In order to generalize learnt skills to new situations, it is helpful to base learning only on the smallest relevant subset of sensory variables, while ignoring everything else (Canas and Jones, 2010; Jones and Canas, 2010; Bengio et al., 2013; Niv et al., 2015; Leong et al., 2017; Niv, 2019). Symmetry-based representations make such attentional attenuation very easy, since meaningful sensory variables get separated into independent representational subspaces, as was demonstrated in a number of ML papers (Higgins et al., 2017b; Locatello et al., 2020). Following the reasoning described earlier, disentangled representations have also been shown to help with data efficiency when learning new tasks (Locatello et al., 2020; Wulfmeier et al., 2021). Finally, disentangled representations have also been shown to be a useful source of intrinsically motivated transferable skill learning. By learning how to control their own disentangled subspaces (e.g., how to control the position of an object), it has been shown that RL agents with disentangled representations could discover generally useful skills that could be readily re-used for solving new tasks (e.g., how to stack objects) in a more data efficient manner (Achille et al., 2018; Laversanne-Finot et al., 2018; Grimm et al., 2019; Wulfmeier et al., 2021).

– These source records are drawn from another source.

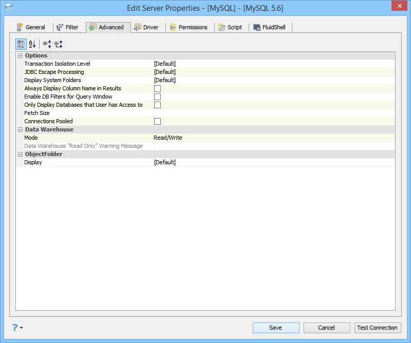 Edit the Server Properties to use Advanced Properties in Aqua Data Studio:
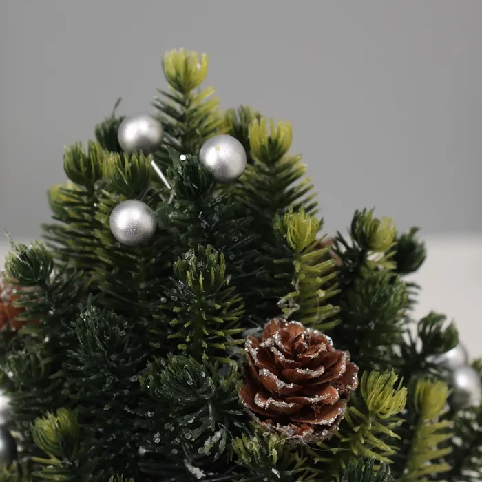 - Тип — настольная ёлка, легко помещается даже на маленьком подоконнике или рабочем столе.
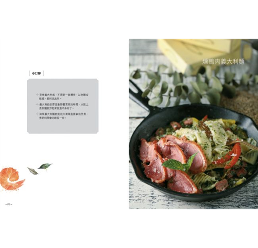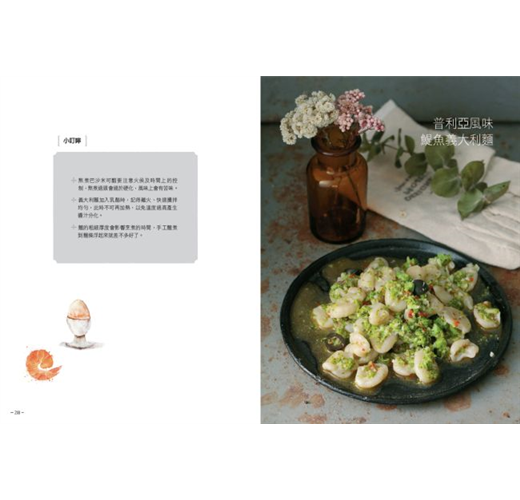 全書附有美麗的圖片和最佳的作法,藉此了解義大利麵食多元化與區域性的特點,是周末親自用手製作的最佳美味。
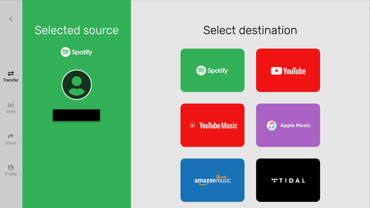 Для начала работы нужно установить приложение: оно доступно для смартфонов и ПК любой ОС. После установки нужно также выбрать Spotify в качестве источника и определить платформу, на которую вы хотите перенести плейлист. Затем — отметить нужные плейлисты галочками.
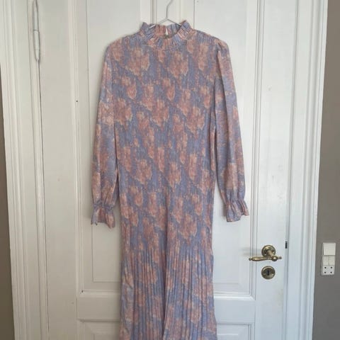 Lovechild hverdagskjole i str. 38. Kjolen er fremstillet i 100 % viskose og har et multifarvet blomstermønster. Modellen har lange ærmer og midi-længde. Velegnet som hverdagskjole og til sommerfest
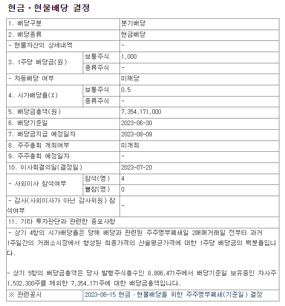 2. 2023년 KCC 배당금 (반기/중간배당)
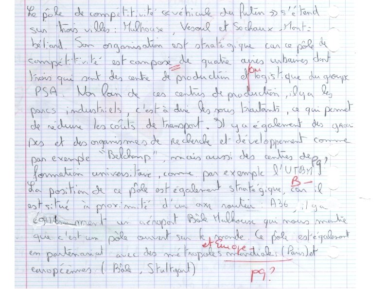 Changer d'échelle : ce pôle est inserré ds un espace + vaste : il dépend de la stratégie de la FTN PSA dont le siège social est à Paris il est relié aux grands réseaux de communication car situé sur l'axe Rhin-Rhône, axe européen il peut donc nouer des partenariats avec d'autres pôles européens ou être soumis au pouvoir d'attraction d'un pôle concurrent. > 2 parties de la légende Un territoire innovant fondé sur un savoir-faire : le pôle de compétitivité, véhicule du futur Un pôle de compétitivité connecté aux réseaux de transport et aux autres métropoles
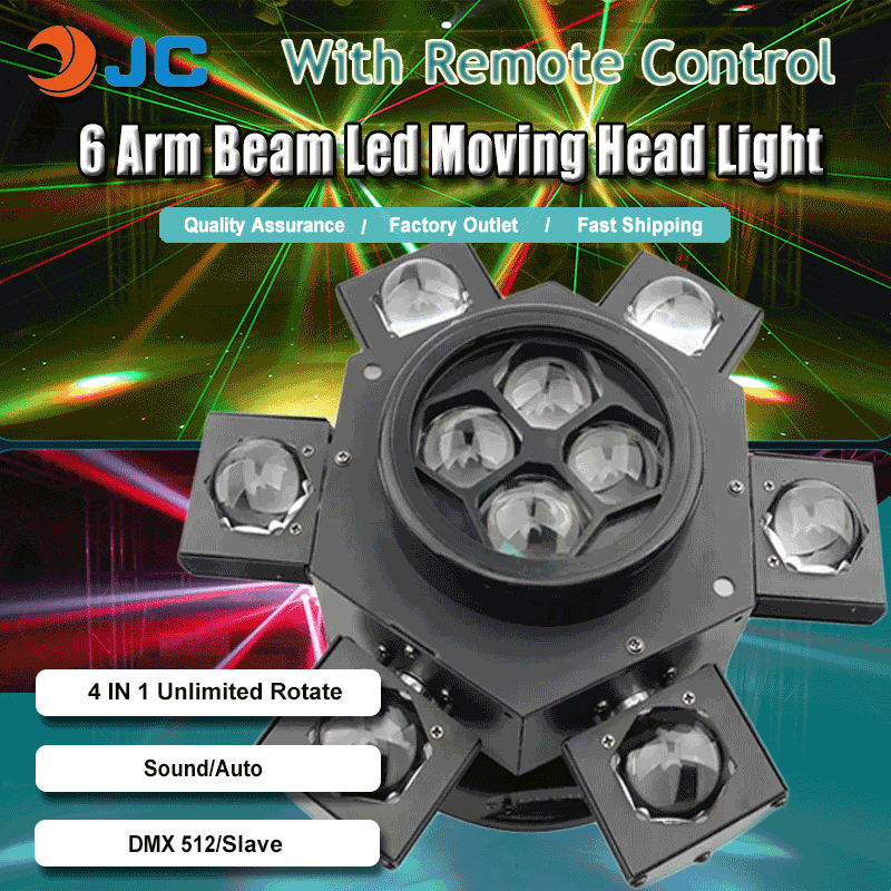 JC Moving Head RGB Beam Stage Light 150W 6 Arm 2 in 1 Beam+Party Light with DMX Interface for Wedding/Stage/Party/Bar/Disco Show
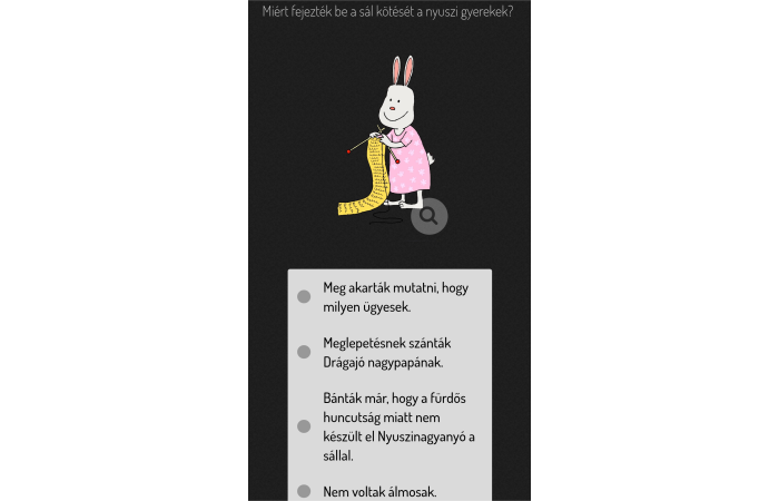 Válaszoljunk a 2 db quiz kérdésre és csináljuk meg a meséhez tartozó feladatot! Látni fogjuk, hogy jó-e a válasz, ha nem, mi lett volna a helyes megfejtés. Minden jó válaszért 1 pont jár. Ha a csapatunk színének megfelelő papírcsík van a lapra ragasztva, azt óvatosan szedjük le, és vigyük magunkkal!
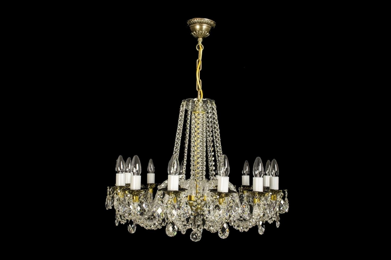 Le lustre est composé de pièces en fonte et de cristal très fin à haute teneur en plomb. Cet impressionnant chandelier convient aussi bien à un intérieur classique que moderne. Le laiton poli est recouvert d'une couche de protection.

4. Symmetries in Neuroscience
Although psychology and cognitive science picked up the mathematical framework of group theory to describe invariances and symmetry in vision a long time ago (Dodwell, 1983), this framework was not broadly adopted and progress in this direction quickly stalled (although see Liao et al., 2013; Leibo et al., 2017). However, circumstantial evidence from work investigating the geometry of neural representations suggests the possibility that the brain may be learning symmetry-based representations. For example, factorized representations of independent attributes, such as orientation and spatial frequency (Hubel and Wiesel, 1959; Mazer et al., 2002; Gáspár et al., 2019) or motion and direction tuning (Grunewald and Skoumbourdis, 2004) have long been known to exist at the start of the ventral visual stream in V1. Going further along the visual hierarchy, Kayaert et al. (2005) demonstrated that many of the primate IT neurons had monotonic tuning to the generative dimensions of toy visual stimuli, such as curvature, tapering or aspect ratio, known to be discriminated independently from each other by humans in psychophysical studies (Arguin and Saumier, 2000; Stankiewicz, 2002; de Beeck et al., 2003). In particular, they found that the firing of each neuron was modulated strongly by its preferred generative attribute but significantly less so by the other generative attributes (Figure 6A).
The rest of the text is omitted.